Esta historia no va de películas, sino, mejor aún, de realidades, pues la realidad supera con mucho la ficción. El argumento narrativo trata de unos obispos que llegan a un territorio del Oeste (el Este y el Norte del país no existen en esta superproducción) y pretenden evangelizar a una comunidad famosa por sus costumbres desalmadas, la violencia desatada y todo tipo de tropelías y desmanes en sus calles (no digo que este argumento se ajuste a los hechos, sino que tal es la mala fama que se le ha colgado a la citada población). Una especie de Tombstone, en tiempos de Wyatt Earp.
Van los predicadores protagonistas y se arremangan para pacificar la turbulenta región. El primero de ellos, un tal Blázquez, llama a la congregación y reclama a los pistoleros que entreguen sus armas y pidan perdón. «Ha llegado el momento de que los vascos pidan perdón por las acciones horrendas con las que algunos pecadores descarriados han ensuciado el buen nombre del pueblo vascongado». El segundo, un tal Uriarte, más cercano a las gentes del lugar, conocedor de los sufrimientos y penalidades de la conquista de este Oeste, se limita a pedir a los principales responsables de la paz «signos positivos de distensión, acercamiento mutuo y diálogo auténtico a la sociedad, que necesita más que nunca mantener la esperanza ante momentos sombríos».
Con toda la sangre que ha corrido por estos lugares y cañadas, la tentación inmediata sería replicar al primer obispo que, puestos a pedir perdón, no estaría de más que la iglesia se arrodillara ante los vascos por las bulas y excomuniones que sirvieron en su época a los asesinos españoles (Fernando el católico, el falsario, por ejemplo) para promover la invasión del territorio en cuestión. Si la excomunión papal, a título personal, nos pasa por el arco del triunfo, la conquista que justificó y facilitó no.
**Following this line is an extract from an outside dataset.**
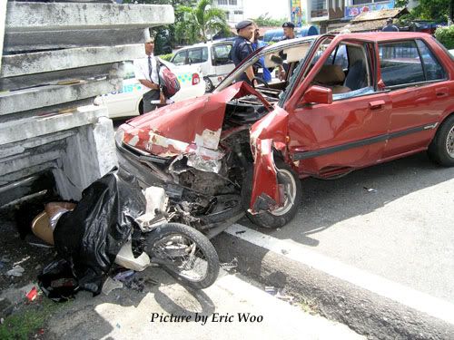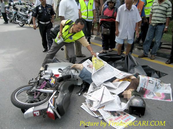 原帖由 firedog 于 5-9-2006 01:17 AM 发表 建議你像我這樣,把照片打上名字或標誌,免得照片被盜用!你所傳上的照片是死亡車禍?如果不是的話,就文不對題啦!不過,沒關係,反正也只是要提醒這裡的朋友們在路上要常常保持警惕! 請繼續支持!
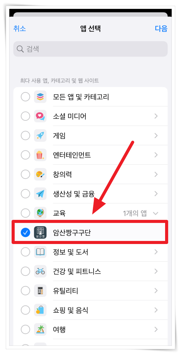 4. 설정하고 싶은 앱을 선택 후 시간을 선택해 주세요. 최소 1분까지 설정이 가능합니다.

También se echa en falta una cura de humildad y penitencia a cuenta de la Cruzada del 36 (recordemos la foto del grupo de seminaristas que empuñan sus fusiles en pleno fervor del 18 de julio), tan bendecida y santificada en los púlpitos, o los paseos bajo palio del principal cabecilla de los canallas españoles. La Inquisición, las hogueras, la persecución de la brujería o la herejía, el descubrimiento de las Américas que permitió una sangrienta «evangelización» de millones y millones de personas de otras creencias, Galileo, la perversión y represión de nuestra propia sexualidad… ¿Por qué no pide Blázquez perdón por los muertos aún por venir que causará el sida por la prohibición eclesial del uso del preservativo?
Seamos prácticos. No estamos ante un dilema moral, aunque así nos presenten el discurso argumental de la película. El cuento del perdón no tiene más fin ni intención que señalar, desde la elevada autoridad moral de la religión, quiénes son los malos de esta historia. Así, los de la otra parte son los buenos, como si nunca hubieran roto un plato en su vida. Unos, los de un lado, criminales; los contrarios, inocentes; víctimas, las buenas gentes que sufren los atropellos de quienes se han situado fuera de la ley. Es un relato un poco simplón, pero así nos gustan las ficciones.
Pero, llegados a este punto, cuando la reflexión daba cauce racional al primer impulso de indignación, se me ocurrió que no. Que la patraña iba más lejos. Que el argumento de este capítulo de la Conquista del Oeste no sigue los hilos narrativos de un western de acción como «Sin perdón». Que nos han birlado y escamoteado el guión. El reparto de papeles de los predicadores encaja más bien en la trama de los interrogatorios policiales, y la estructura narrativa del thriller de serie negra explica mejor el juego de confusión: good cop; bad cop. Doble discurso: que los creyentes de un bando se identifiquen con un obispo perdonavidas, prepotente y matón, le jaleen y se exciten con sus baladronadas…; y que los de la comunidad a pacificar, agraviados, apabullados, encuentren cobijo y sosiego en los sermones del otro religioso, comprensivo y camelador. Pero que todos sigan dentro de la Iglesia, dentro del mismo orden pecaminoso y penitencial que nos dice qué hemos de hacer con nuestras almas, con nuestros gustos y enredos privados, con la unidad de España, con nuestros embriones, con nuestra educación y nuestra caridad…
Con perdón, pero no es el Clint Easwood de «Sin perdón» quien se retrata en esta escena del obispo Blázquez y el Uriarte, sino la vieja pantomima del poli bueno, poli malo. Es Harry el Sucio quien entra dando patadas en la comisaría para que los asustados detenidos, delincuentes o no, se confiesen con el poli amable y bonachón.